Пленение бравого солдата Швейка
(Европейские хроники)
Как родная меня мать провожала,
стать совсем простым солдатом, солдатом
Демьян Окуджава
стать совсем простым солдатом, солдатом
Демьян Окуджава
Николай Кромов, мурлыча про автомат, шинель и каску, вёл своих солдат на Карлсбад. «Карловы Вары, конечно, но «Даёшь, Карлсбад!» - звонче. - Швейки-то вообще зовут город «Карлови-Вари», - играли шутовские настроения.
- Карловы Вары, куда ни шло, но «Карлови», - передёрнуло Обуха, когда определилось направление главного удара, скомандовали: стать живым щитом на танках. Попутная колонна подобрала «обезлошадивших» бойцов, отставших от частей.
- Лучше уж штык в землю, западло нам штурмовать город с кукольным названием, - согласился, устраиваясь на броне, Чумаченко, томимый ожиданием бехеровки. - Упьёмся тамошним ликёром.
- Бехеровка - абсент, - занудно просветил Четвёртый.
- Может, дамочки не разбежались с водопоя, не ведая, что война началася, - мечтанул Чумаченко.
- Наркотизированные бехеровкой бюветницы, понятно, податливее, - подмигнул Кромов.
- То-то обрадуются новым гуннам в вони дикой водки, - бросил Четвёртый.
Здешние целебные воды Кромов, будучи ещё Колькой, пивал, правда, у немцев, когда отец выбирался в один из ихних «Бадов». Ната на эти «променажи», как определял полковник, не ездила, а сына Иван не стеснялся. Подгуляв, офицеры отодвигали в сторону покладистых гэдээровских пограничников и вламывались в соседнюю братскую страну. Возвращались, после пива и дородных чешек, прикладываясь к плоским зелёным бутылям. Фрицы деланно восхищались. Отец тогда вспоминал, что прошёлся по этим местам в 45-ом, когда ещё немцы жили. А теперь сам Николай прёт на Карлсбад.

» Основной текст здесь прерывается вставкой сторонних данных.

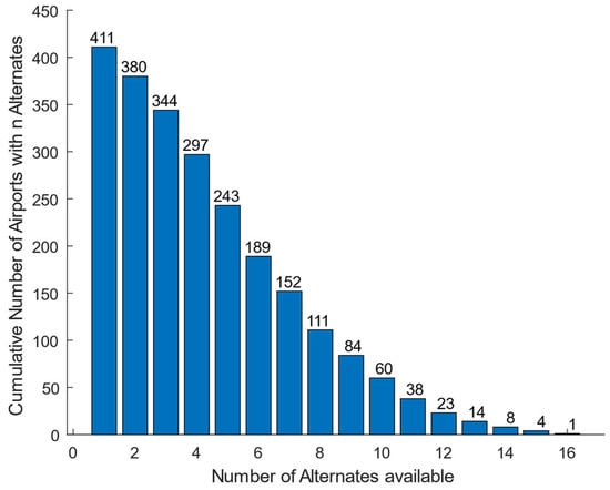 For the first case, having already reached the destination and being required to divert, Figure 7 shows the number of potential alternates for airports in the EU (including Great Britain, Norway, and Switzerland). Out of the 414 commercially operated airports with a field length above 1000 m, 3 have no alternate within the defined reserve distance. This yields more than 99% of airports adequately covered. Over 90% have more than one alternate within reach. To correctly define airports with missing alternates, airports in Serbia, Bosnia, and Herzegovina, Montenegro, Kosovo, Albania, North Macedonia, Belarus, and Ukraine were added in all reserve analysis. Here, the same criteria for the airport selection have been applied (field length of at least 1000 m and yearly passenger volume of at least 15,000).
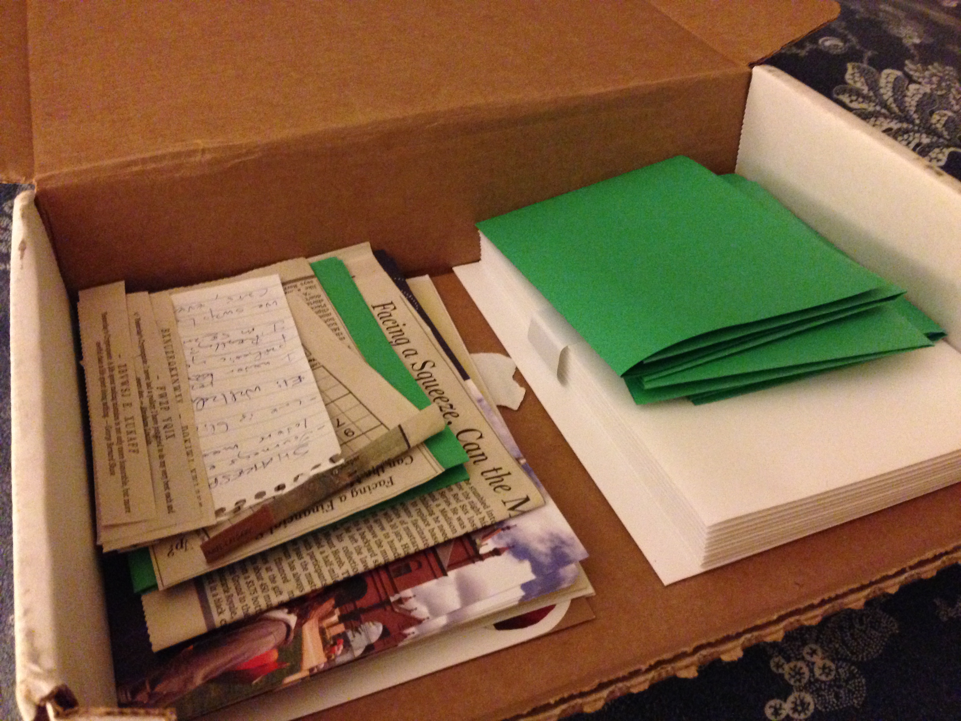 I do want to keep a few cards and letters for posterity. And I can’t throw out good envelopes.  The clippings are another matter.
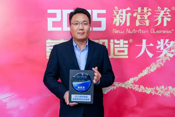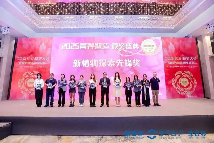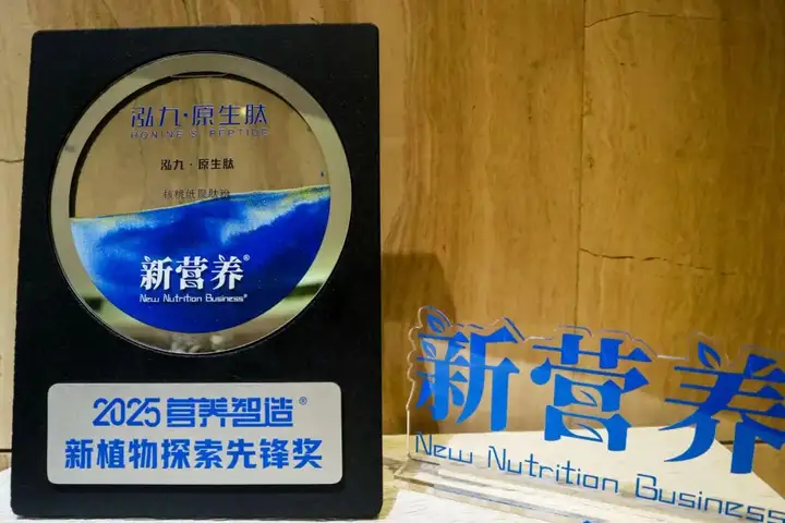 2025年11月6日,由新营养、营养智造、竞合岛联合主办,营养盒子与新植物共同协办的“2025-2026新营养年度趋势大会暨营养智造颁奖盛典”在广州盛大举行。泓九原生肽作为“2025营养智造大奖百强入围企业”受邀出席,并凭借核桃低聚肽粉在植物功能成分创新与应用领域的卓越贡献,荣获大会“2025营养智造新植物探索先锋奖”。

Кромов молчал, рассуждая-вспоминая: «Как-никак, а заграница, пусть подсоветская. Неясно с географией. Все указатели разбиты, сбиты, замазаны. Впрочем, бронеходы знают дорогу».

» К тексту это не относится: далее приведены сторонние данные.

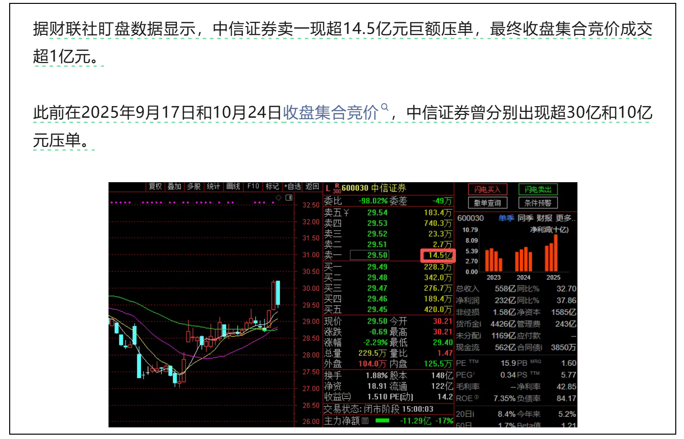 第一,中信证券再现巨量的卖单,慢牛的导向不变。
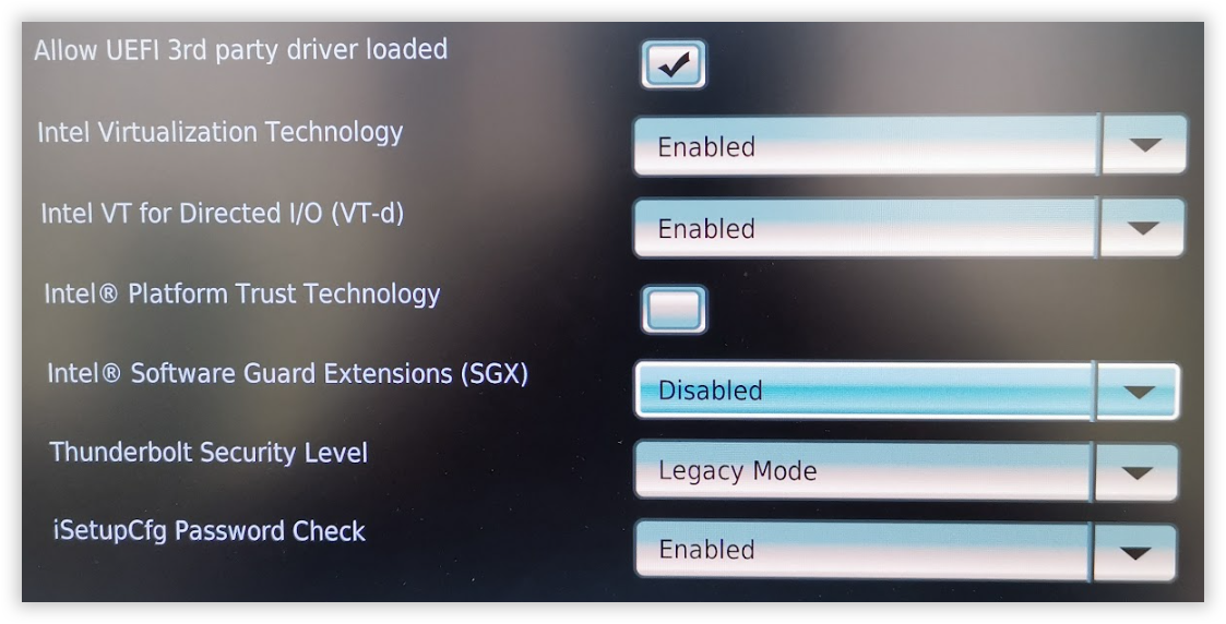 J'ai fini par trouver que pour booter sous Ubuntu il fallait désactiver TPM et SGX. Ca ne s'invente pas mais j'ai fini par pouvoir booter mon Ubuntu Live.

Танкисты были злы. Они входили из Венгрии по населённым мадьярами землям Словакии. В колонну летели камни, бутылки с мочой, банки с дерьмом, а то и бензином. И венгерским частям во втором эшелоне досталось сполна. Экипажи, рассказывая, посмеивались, но сейчас норовили поддеть придорожный павильончик. Боевые машины шли по раздолбанному шоссе пьяными зигзагами. Пальнули в какую-то каланчу.

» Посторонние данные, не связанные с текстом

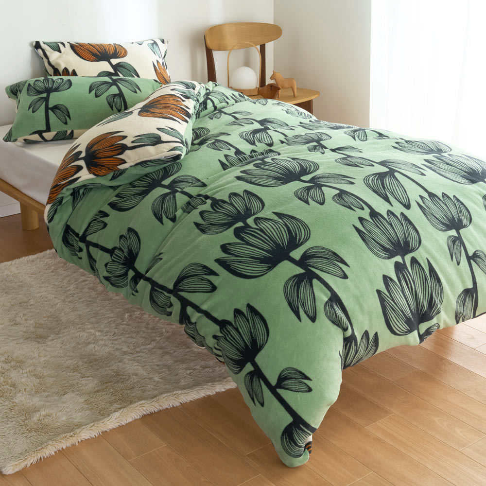 モダンな北欧テキスタイルを発信するフィンレイソン×寝具のnishikawaの、おしゃれで高品質な掛けカバーです。力強く咲く花をモチーフにした人気柄「アルマ」を、大人っぽい配色で仕上げたデザインが、冬の寝室を明るく温かく彩ります。なめらかでぬくもりのあるフランネル生地なので、冷え込む夜もひんやりしにくく快適。 Design by Sami Vulli【フィンレイソン寝具 ご購入先着200名様に「フィンレイソンミニトートバッグ」プレゼントキャンペーン実施中!】----------------------------------------------対象のフィンレイソン寝具※1をご購入いただいた先着200名様に、「フィンレイソンミニトートバッグ」をプレゼント!※2 なくなり次第終了いたしますのであらかじめご了承ください。※1 ■プレゼント対象商品はこちら※2 1回のご注文につき、複数購入の場合でもプレゼントは1点のみのお届けになります。発送手続きの関係上、ご購入の先着順は前後することがございます。-----------------------------------------------------------------------------------------------------寝室を温かく華やかに彩る、フランネルの掛けカバーモダンな北欧スタイルを発信する、フィンレイソン × 寝具のnishikawaによるおしゃれで高品質な掛けカバー。力強く咲く花をモチーフにした人気柄「アルマ」は、寝室のアクセントにぴったりのデザインです。素材には、なめらかでぬくもりのあるフランネル調の珊瑚マイヤー生地を使用。ふわふわで軽い肌ざわりが特長で、心地よい眠りをサポートします。さらに、表側と裏側でカラーが異なるリバーシブル仕様になっており、気分やインテリアに合わせて使い分けることができます。Design by Sami Vulli表面はアイボリー、裏面はグリーンのリバーシブル仕様です。 ※お届けは掛け布団カバーのみとなります。生地アップ

«Снайпера сбили», - понял Обух.
Николаю же виделся 56-ой год: «Осаждённый мятежниками форт у венгерского городка Шараш, а на Дунае - мониторы Мичманка. Их пушки враз укоротили все окрестные вертикали. Горящие джипы с телами сербов, густая пыль с едким моторным перегаром стальной конницы маршала Конева».
«Ты Будапешт помнишь!», - взывала, глотнув водки, мать, когда он, ещё штатским, упёрся, что чехов надо бы оставить в покое.
Война была ещё не пуганной, не обстрелянной. Чумаченко молча блаженствовал, подложив под ягодицы скатку, любуясь собой в грядущих боях: «Отобьём у фрицев, обозы, гульнём с маркитантками. Бундесвер-то пока себя не проявил, знай, грозит Триэсэрии со страниц советских же газет. Но и мозголомный агитпроп послужит русской литературе».
Чумаченко творил, если не встревали начальнички. Сейчас он сочинял поэму о штурме Карлсбада и его погребов. Решил начать по-шекспировски резко: «Чумная чернь чернит честнейших».
По обочинам - остовы машин, раздавленных устремившимися к буржуазным рубежам броневыми армадами, сброшенные металлоломом на обочину: «Татры», «Трабанты», «Волги», крестьянские тракторишки.
«Как экипажи внутри терпят? - ужаснулся Чумаченко, переполненный пивом. - Им-то наверху - жёстко и тряско, но одной рукой - за железяку, а второй можно ширинку расстегнуть, - возвышенно подумал. - Вот, автомат мешает и писать, и писать», - скаламбурил.
В солдаты Чумаченко пошёл, чтобы не скиснуть в армии. «Два года - не двадцать пять», - взвесил, покидая военное училище. Поступил, уважив отца, мечтавшего о династии. Полковник от штрафников и герой Союза Петр Чумаченко-старший, боевой товарищ нынешнего генерала Ивана Кромова, ржал над воениздатовской лажей про собственные подвиги, но традиции чтил.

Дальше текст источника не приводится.